Networking

Sarah Reynolds is a freelance writer residing in Alabama. She received her
BA in Communications at the University of South Alabama where she was a
member of the Phi Mu sorority. After competing in Miss Alabama USA, she
decided to continue to chase her dreams, travel the world and document the
journey.

 

Networking is a necessary requirement at all times in your life, but especially when you are in college. It is never too early to start preparing for your future career no matter what you’re studying. Knowing people in your designated field will simplify your life when applying for jobs close to your graduation date.
A great place to start is to join clubs and programs on campus relative to your intended field of study and actually participate in the activities. Engage with your peers, you never know who they may already know in the business. Campus clubs usually have guest speakers who come to interact with the future working class to guide and answer questions. Take advantage of the opportunities.
Look for professional organizations outside of your college. Majority of the time, these organizations host luncheons where you pay a small fee to come mingle with professionals already in the real world (and eat great food). Here is where you can truly make a memorable impression.
1. Look and dress the part. Be professionally dressed even if you are a broke college student.
2. Ask questions. However, never ask FOR something from someone you have just met like a referral (they don’t know you) or worse… a job. That professional will automatically put you in an undesirable zone because they think you are looking for a hand-out. Questions such as “How did you go about looking for a job?” and “What other organizations are you part of that I can join as well?” are great ice breakers.
3. Build relationships. Find common ground with the people you are networking with such as a hobby, kids, food you love. Be personable and someone they look forward to chatting with at the next event.
4. Connect.
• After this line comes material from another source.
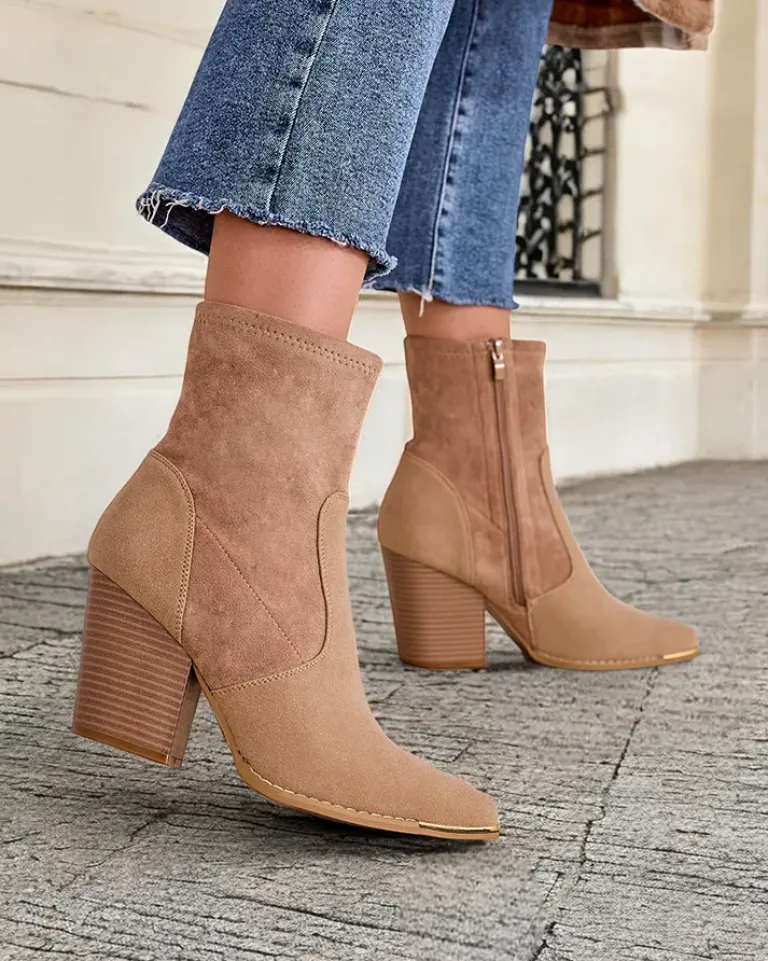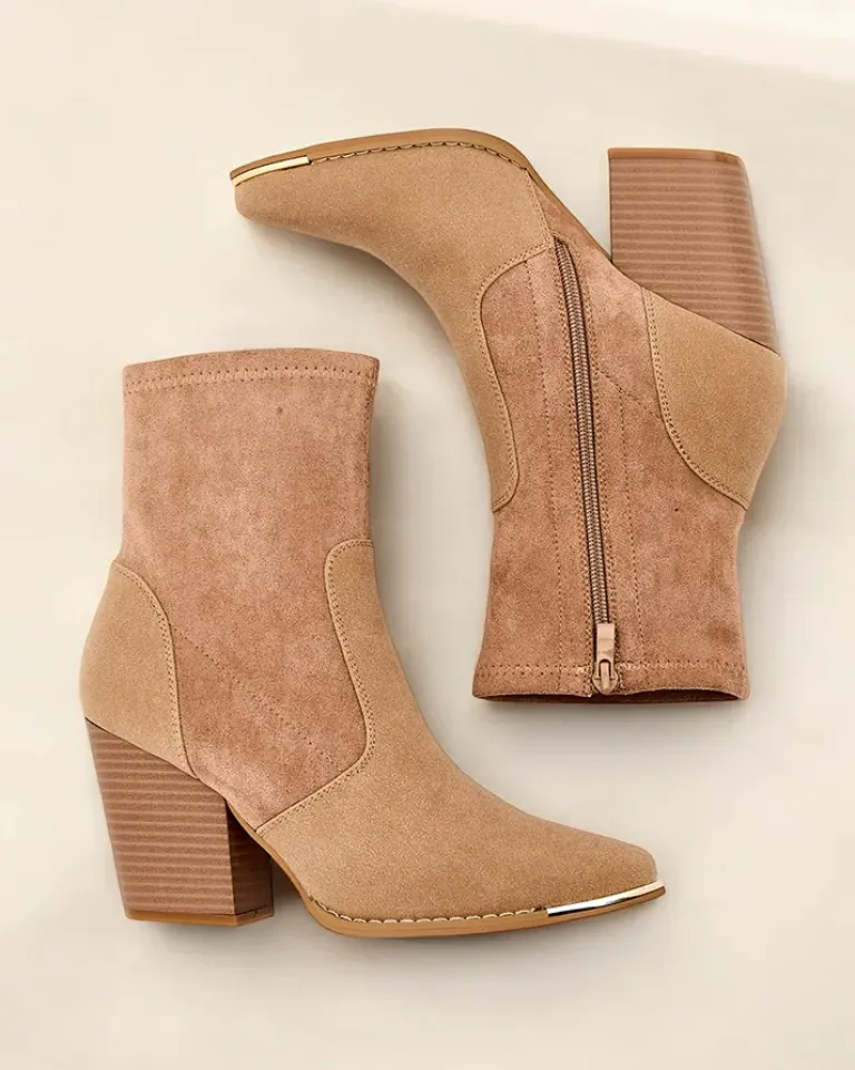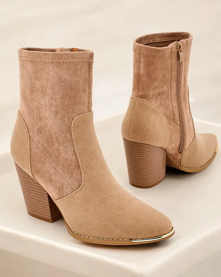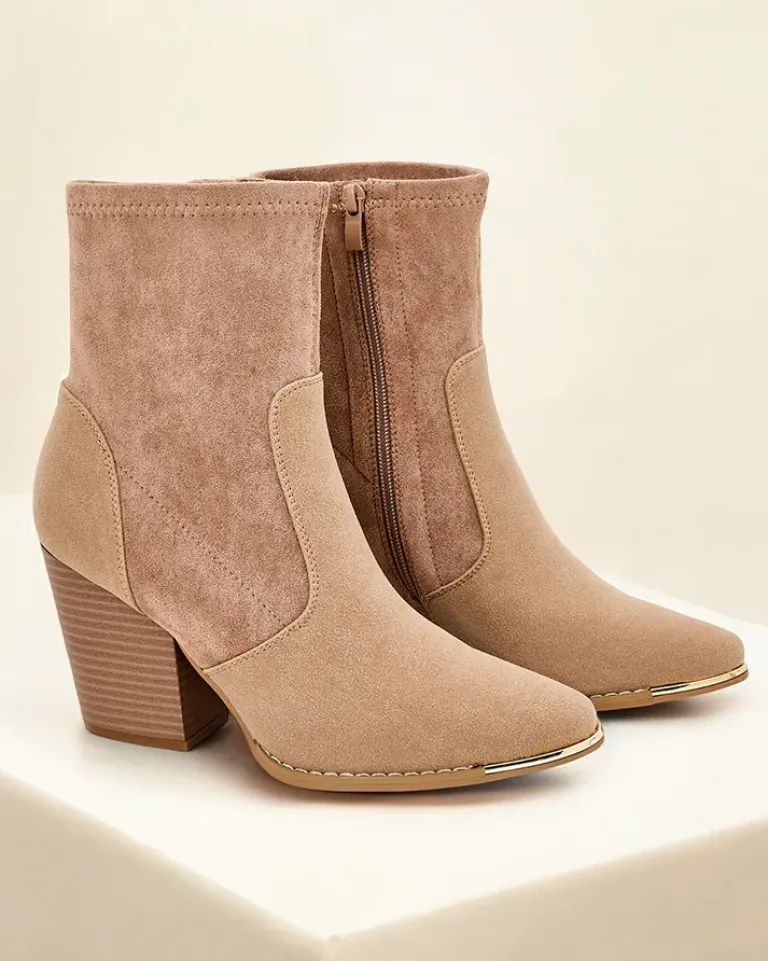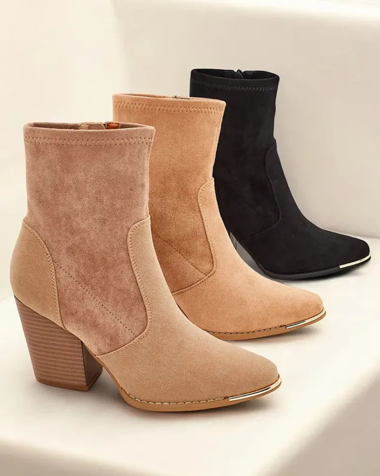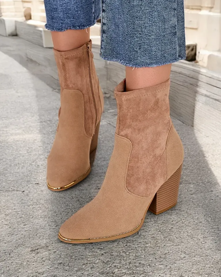 - Stylowe damskie botki to idealne rozwiązanie na chłodniejsze dni. Cholewka jest zapinana na suwak, a w środku wypełnienie tkaninowe oraz futerkowa wkładka. Model na słupku, z noskiem w szpic. Super dodatek do Twoich casualowych outfitów!
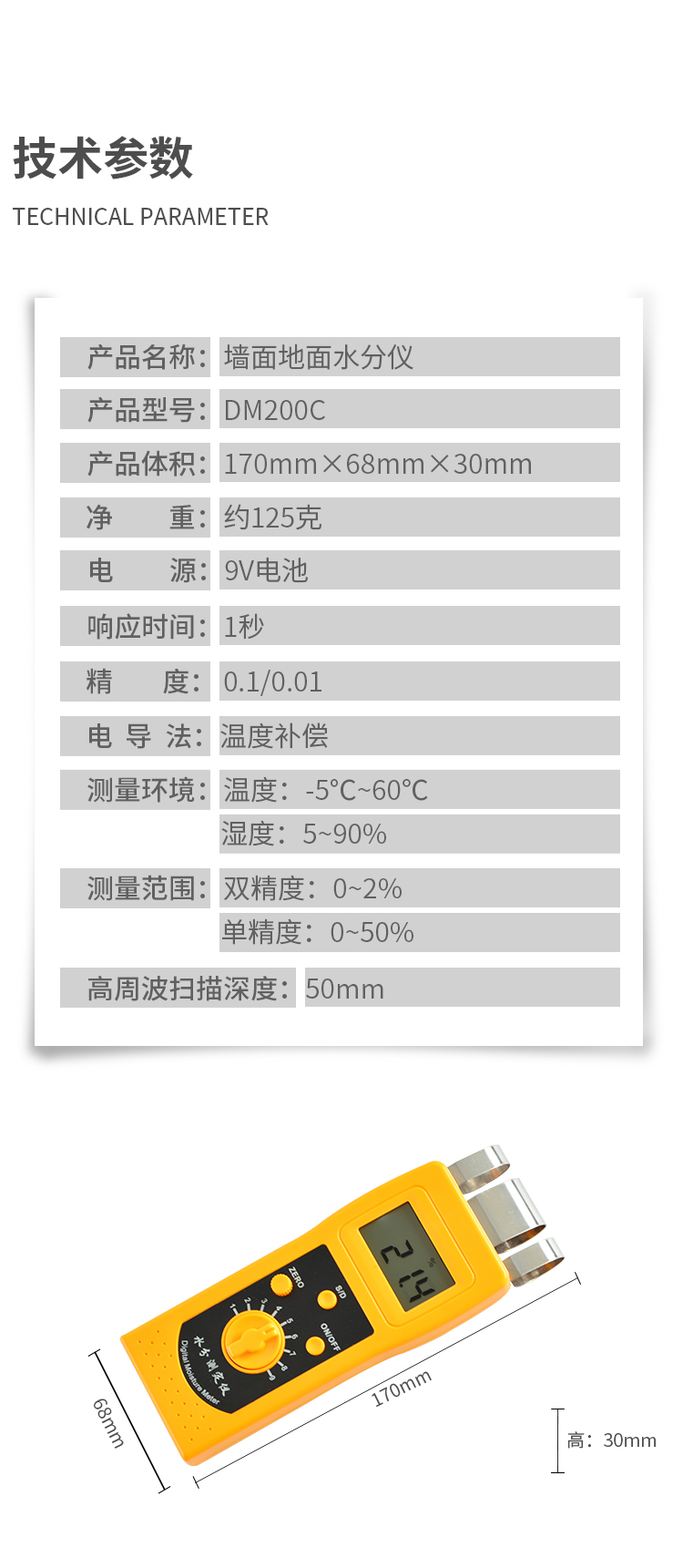 DM200C墙面地面水分仪:该仪器主要用于地板铺设、涂料粉刷、地坪上漆、建筑装潢、工地施工过程中理想仪器。该仪器通常被不同用户的客户称为墙体水分仪、地面水分仪、混凝土水分仪、石膏板水分仪等等。该仪器可测定水分的产品比较广泛,主要有:墙面(墙体、墙壁、墙砖)、地面(水泥地面、地坪、环氧地坪、混凝土)、石膏板、大理石、泥坯、地砖、瓷砖等。

You can bring business cards with your contact information, estimated graduation date and major on them. It shows that you have drive and ready to tackle a career. Connect with the professionals you met on LinkedIn, especially the ones who gave YOU their contact information. Send a quick “Hello or hope you are well” email to stay fresh on people’s minds should an opportunity rise on their end.
Never underestimate the power of networking. You never know who you can even help out one day.